Thursday, July 24, 2008

Australian stories - I'm addicted

I think I’ve become addicted to quality Australian writing.

Quite by accident, I’ve read more Australian writers than any other this year (just check this blog), and after a brief break last week with Mma Ramotswe, I found I was hungry to return to Australian stories.

I had planned to read a classic piece of American literature next, but I was side-tracked by a $3.50 find in a book café. It was Melina Marchetta’s 1992 hit Looking for Alibrandi, a coming-of-age story set in Sydney, spanning a year in the life of 17-year-old Josephine Alibrandi.

The plan was to add this title to the reading pile for a later date, but the lure of a critically acclaimed contemporary Australian story was too strong. So I read it, in three sittings ... and loved it.

I saw the film adaptation back in 2000, which I enjoyed, but – no surprises – the novel is so much richer in its characterisation, conflicts, pathos and humour.

Josie is a second generation Italian-Australian. She's a bright girl, raised by her single mother, and has a scholarship to one of Sydney’s most prestigious schools. Her class and cultural background put her at odds with the world of privilege around her, and the freedom her friends enjoy is in stark contrast to the traditional values imposed on her by her Sicilian grandmother.

Looking for Alibrandi is a story about discovering identity, appreciating cultural heritage and family ties, learning tough lessons about love, and recognising the realities and fallacies of class distinction.

It’s about romance, life, death, estrangement and self-discovery, and explores the consequences of choices – even those made with the best of intentions.
Classed as young adult fiction, it's yet another story that transcends its label.
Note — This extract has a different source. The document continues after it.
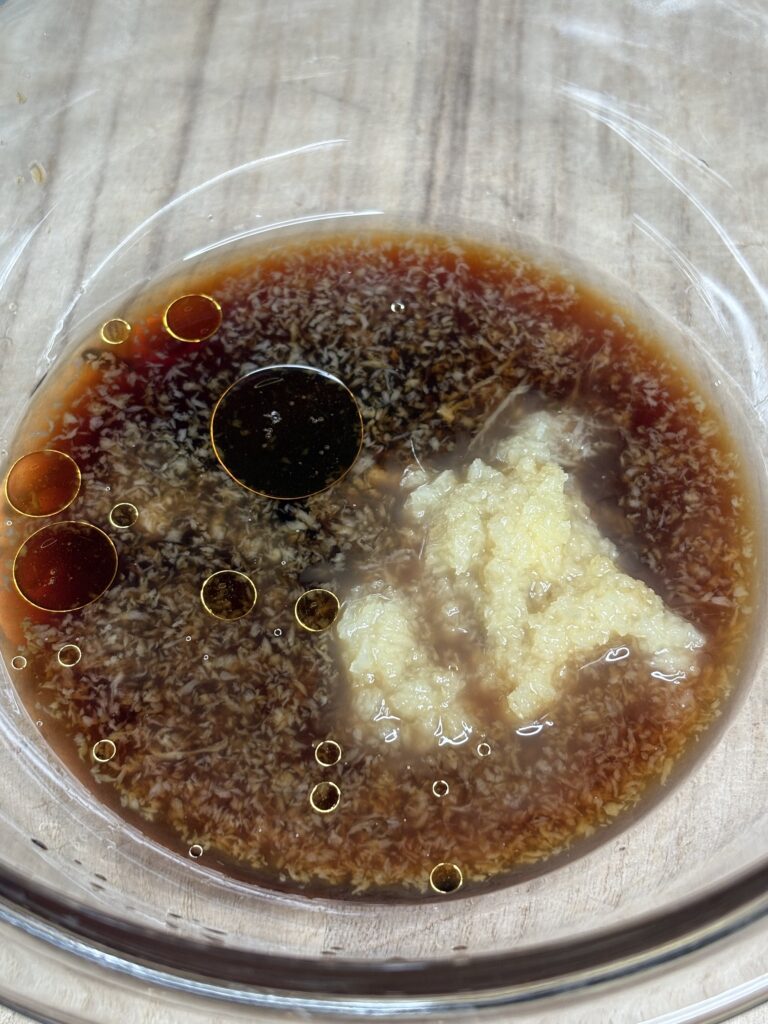 ①タレの材料を全て混ぜ合わせます。

It captures an era of Australia (both good and bad) that we, as a nation, haven't quite outgrown.

Major book chains these days are packed to the ceiling with blockbuster international titles, with only the most prominent of Australian writers able to score reasonable shelf space and time. What a shame.

I love great stories, regardless of who writes them and where they are set. But I must admit it has surprised me to discover this deep passion for Australian stories, and I’m not sure whether it's my stage of life, or simply the fact I’m bothering to read more of them.
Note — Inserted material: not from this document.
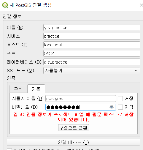 데이터 베이스 정보를 입력하고 연결을 선택하면 QGIS에 POSTGIS의 데이터 레이어를 볼 수 있다.

So, my questions this week:

For readers of this blog in Australia: do you read Australian authors? If so, who, and why?

I pose the same questions to those who are outside Australia. And for those who answer yes, I wonder: do those stories with a strong focus on Australian people, culture and issues resonate with you? Do they, in fact, shape the way you see our country?


Rebecca said...

I read "The Rouseabout" by Rachael Treasure about a year ago - it must be the farmgirl in me, but I really enjoyed it. It's about a farmer's daughter who enjoys B&S's, rum, working hard, playing hard etc until her life changes quite dramatically. I won't go too much into the plot but it's definitely worth a read. It has great imagery and and made me feel proud of my parents' agricultural efforts over some very hard years.

I have also just finished "The Household Guide to Dying" which is by an Australian author, Debra Adelaide. It's getting rave reviews at the moment, but I have mixed feelings about it. Some parts were very emotional while others were ho-hum. It took a while to get into and there are some times when I don't want to read a book that makes me think, I just want to read and escape from the real world for a while.

Gustav said...

I do not read enough Australian novels. I suppose I am still trying to make up for time that I lost reading legal books and law cases at law school. That means I have gone down the path of reading the old classics more than contemporary stories, especially Australian stories.
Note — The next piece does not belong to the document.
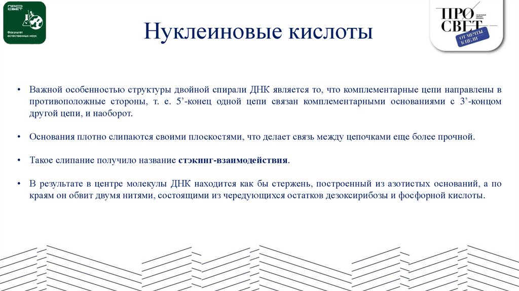 Нуклеиновые кислоты• Важной особенностью структуры двойной спирали ДНК является то, что комплементарные цепи направлены в

The last Australian novel I read was "The Sound of One Hand Clapping" by Richard Flanagan. I love the first paragraph in the book:

"All this you will come to understand but can never know, and all of it took place long, long ago in a world that has since perished into peat, in a forgotten winter on an island of which few have ever heard. It began in that time before snow, completely and irrevocably, covers footprints. As black clouds shroud the star and moonlit heavens, as an unshadowable darkness comes upon the whispering land."

I will be reading more Australian novels in the future which will provide valuable insight into what it means to be Australian.